Linear independence regarding Exterior Power .

Question

I have been trying to learn the proof of dimension of exterior power from this text : http://www.thehcmr.org/issue1_2/poincare_lemma.pdf.( Page 16)
I am not able to understand the part of linear independence ( how its been assured) . It would be nice if you could explain . thank you .

Answer 1

To say that vectors $v_1, \ldots, v_n$ (lets focus on $n \geq 2$) are linearly dependent is equivalent to saying that some fixed $v_i$ is a linear combination of $v_1, \ldots, v_{i-1}, v_{i+1}, \ldots, v_n$. If you know beforehand that $v_i \neq 0$ for every $i$, then evidently the coefficients of this linear combination can't all be zero.

In your particular case, it's not hard to see that $e_{i_1} \wedge \dots \wedge e_{i_s} \neq 0$ by using, for instance, the universal property. Now suppose that for some fixed set of indices $\{i_1, \ldots, i_s\}$ you had $$e_{i_1} \wedge \dots \wedge e_{i_s} = \sum_{\{i_1, \ldots, i_s\} \neq \{j_1, \ldots, j_s\}} a_{j_1, \ldots, j_s} e_{j_1} \wedge \dots \wedge e_{j_s}.$$ In this case, there should be some multi-index $\{j_1, \ldots, j_s\}$ such that $a_{j_1, \ldots, j_s} \neq 0$, because the left-handed side is not zero.

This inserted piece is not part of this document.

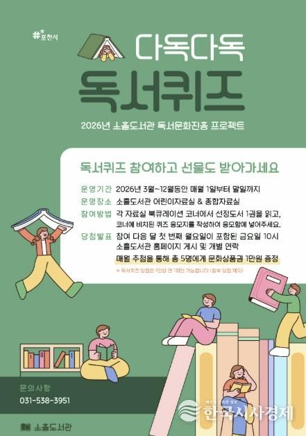 한국시사경제 경기북부취재본부 | 포천시립소흘도서관은 독서 생활화와 지역사회 독서문화 확산을 위해 오는 3월부터 어린이, 청소년·일반을 대상으로 대상으로 ‘다독다독 독서퀴즈’를 운영한다.

Applying the corresponding $B_{j_1, \ldots, j_s}$ (which is a linear map) to both sides gives you $$B_{j_1, \ldots, j_s}(e_{i_1} \wedge \dots \wedge e_{i_s}) = a_{j_1, \ldots, j_s}.$$ But since $\{i_1, \ldots, i_s\} \neq \{j_1, \ldots, j_s\}$, the left-handed side must be zero, by construction, and the right-handed side was supposed to be $\neq 0$. Hence the contradiction.